Unter Spontanfluchtbedingungen verlassen

"Während des Festivals", so Hess, "muss ich kaum noch etwas handgreiflich tun. Ich kommuniziere und organisiere von meinem Büro aus - immer in der Hoffnung und im Vertrauen, dass ich vorher alles richtig geplant und an alles gedacht habe. Bei mir laufen alle Leitungen zusammen, aber nicht die für Abwasser."

Sieben Tage dauert so der Bühnenaufbau. Der Abbau ist in zweieinhalb Tagen erledigt. "Noch während des letzten Konzerts werden die anderen Bühnen bereits demontiert."

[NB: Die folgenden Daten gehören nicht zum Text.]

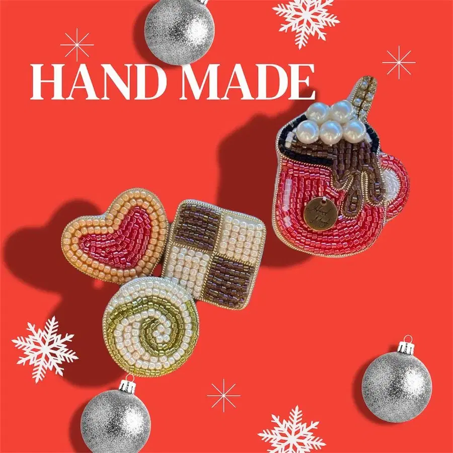핸드메이드 비즈 자수 브로치 세트 쿠키 & 마쉬멜로우 코코아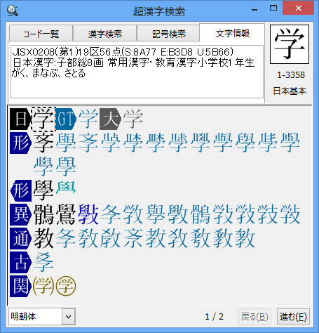 新字体と旧字体との対応、中国や韓国の漢字との対応、漢字とトンパ文字との対応、ひらがなと変体仮名の対応、類似した記号の一覧など、関連する文字について幅広い情報を提供します。

Das Festival endet in der Nacht zum Sonntag. Sonntag morgen um acht ist die gesamte Tontechnik bereits abtransportiert. Sonntag Nachmittag um vier das Licht. Spätestens Mittwochabend steht keine Bühnenstange mehr. "Und dann", so Hess, "reinigen wir die Flure." Damit meint er das Entmüllen der Campgrounds, auf denen die 75.000 genächtigt haben und die anscheinend unter Spontanfluchtbedingungen wieder verlassen wurden: Aus den Wiesen ist - vor allem nach den heftigen Regenfällen während des Festivals - ein schwerer Morast geworden, auf dem verlassene Zelte, Sonnendächer, Habseligkeiten und Müll herrenlos herumliegen.

"Am Ende", sagt Thomas Hess, "dann, wenn alles vorbei ist, wenn wieder Wiese ist hier in Wacken, dann, ja dann geht es einfach nur weiter. Wacken 2012 wartet ja nicht."